06: The claims of a religious revival in Italy in the last few decades are not supported by the data, according to a study in the Journal for the Scientific Study of Religion (54:1). Using six different studies, the article, by Cristiano Vezzoni and Ferrucio Biolcati-Rinaldi, looks at the secularization trend by studying church attendance rates. In looking at the period of 1968-2010, the authors find a pattern of sharp decline during the 1970s, but in the 1980s and early 1990s there was a period of stability, followed by a slower but steady pace of decline from the second half of the 90s onward. Vezzoni and Biolcati-Rinaldi write that these results “counter the thesis of an Italian religious revival,” either in terms of “Catholic exceptionalism” or renewed vitality based on internal competition within the Catholic Church. While they maintain that surveys on church attendance are the most numerous and provide the broadest window of religious change, the researchers acknowledge that individual religiosity may not have decreased as compared to rates of institutional involvement.
(Journal for the Scientific Study of Religion, http://onlinelibrary.wiley.com/journal/10.1111/%28ISSN%291468-5906)

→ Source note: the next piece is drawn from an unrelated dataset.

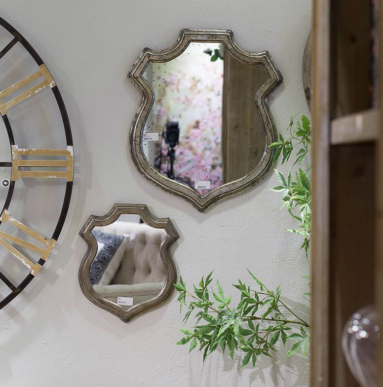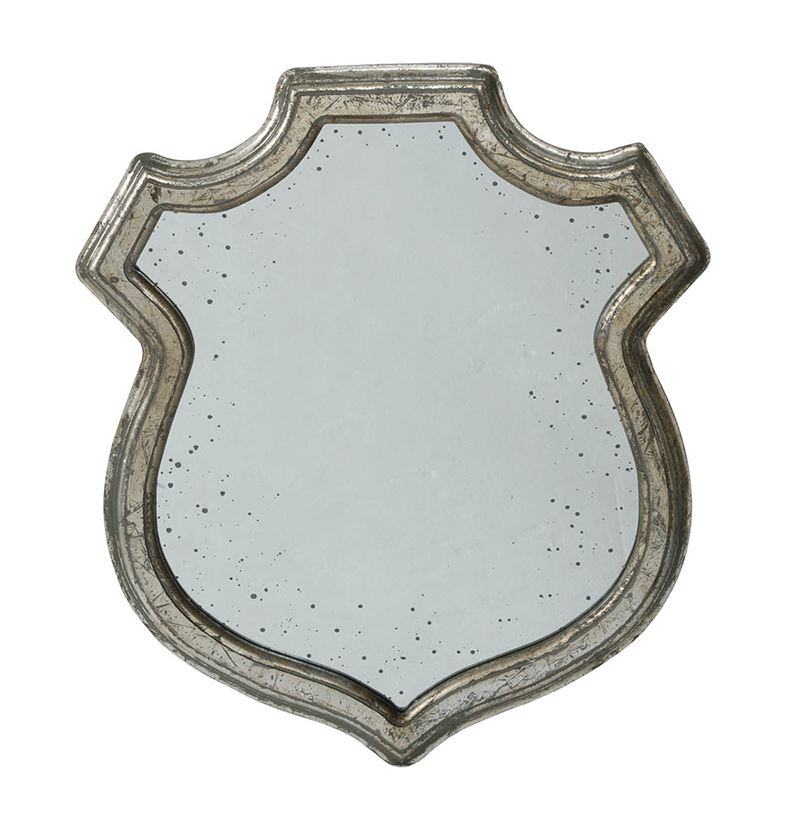 With its unique shield shape, the small Wide Empire Crest Mirror brings impressively grand style to any sized space. Hang in a foyer for a regal welcome or place in a bathroom for a look of unparalleled elegance. The antique silver frame and interesting shape make this piece a striking addition to any room with a globally-inspired decor.

07: A “religious sea change is clearly under way in El Salvador,” as Catholic membership has significantly declined while “non-practicing Catholics seem to be heading to the altars of evangelical conversion,” according to a study in the Latin American Research Review (Vol. 50, No 1). Co-authors Patricia Christian, Michael Gent, and Timothy Wadkins analyze data from three surveys of religion from 1988 to 2009 and find that aside from the continued Protestant growth in this Central American country, the numbers of evangelicals who enter the movement by birth rather than by conversion has risen dramatically. Yet the researchers do not foresee a strict parting of the ways between Protestants and Catholics, much less a “Protestant takeover.” Rather, El Salvadoran society has become a religious marketplace, with Catholicism competing for souls alongside other churches. It is also the case that Protestants have all but caught up with Catholics in important social indicators such as wealth, education, and occupation. There are not strong political differences between El Salvador’s Protestants and Catholics, with the rate of Protestants believing that the church should show a preference for the poor having “skyrocketed from less than 45 percent to more than 75 percent.”